What are the internal differences between Matlab strings and character arrays?
Show older comments
Matlab strings were introduced in 2016b presumably to make working with a string more similar to other languages, as compared to character arrays.
Although the documentation clearly states most details that people will want to know about a string, I'm a bit unclear as to how a string and character array are different, other than having different methods.
Presumably strings are still encoded using UTF-16. Although I haven't tried it, I wouldn't expect that mex files support strings.
Also in this post, https://blogs.mathworks.com/loren/2016/09/15/introducing-string-arrays/, Loren mentions that "string arrays" are "more efficient" for storing text data. Why? (This might be a string array question and not something specific to strings vs chars).
6 Comments
James Tursa
on 23 Oct 2017
Are string arrays really just cell arrays of character vectors?:
S = ["123","456"];
cellfun(@class,S,'uni',0) % CELLFUN works without error !

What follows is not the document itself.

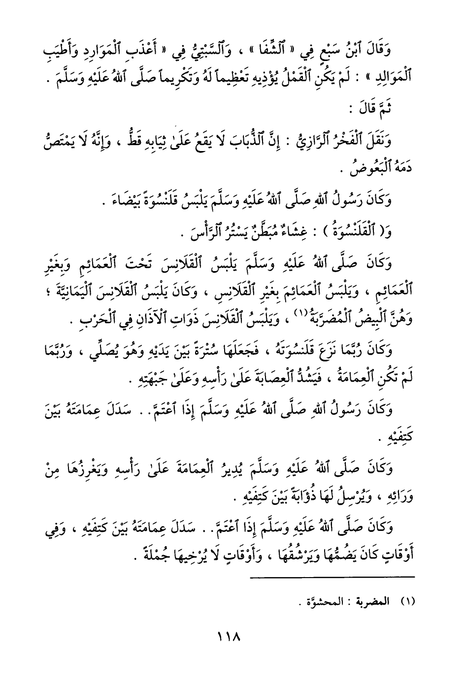 وكان صلّى الله عليه وسلّم إذا اعتمّ.. سدل عمامته بين كتفيه، وفي أوقات كان يضمّها ويرشقها، وأوقات لا يرخيها جملة.

arrayfun(@class,S,'uni',0) % ARRAYFUN parses each element of the string array.
James Tursa
on 6 May 2021
This is a strange result. Strings are stored fundamentally differently than char arrays, and my belief is that an array of strings is not stored the same as a cell array. If they were then I could get at them in a mex routine with the API cell functionality, but I can't. I don't know why cellfun would report the elements are char type.
Steven Lord
on 6 May 2021
I believe you are correct, that string arrays are not stored as cell arrays. As for why cellfun can accept them, that's because it's documented that it can accept a string array. The description of the C input argument on the documentation page for the cellfun function is "Input array, specified as a cell array or a string array. If C is a string array, then cellfun treats each element of C as though it were a character vector, not a string."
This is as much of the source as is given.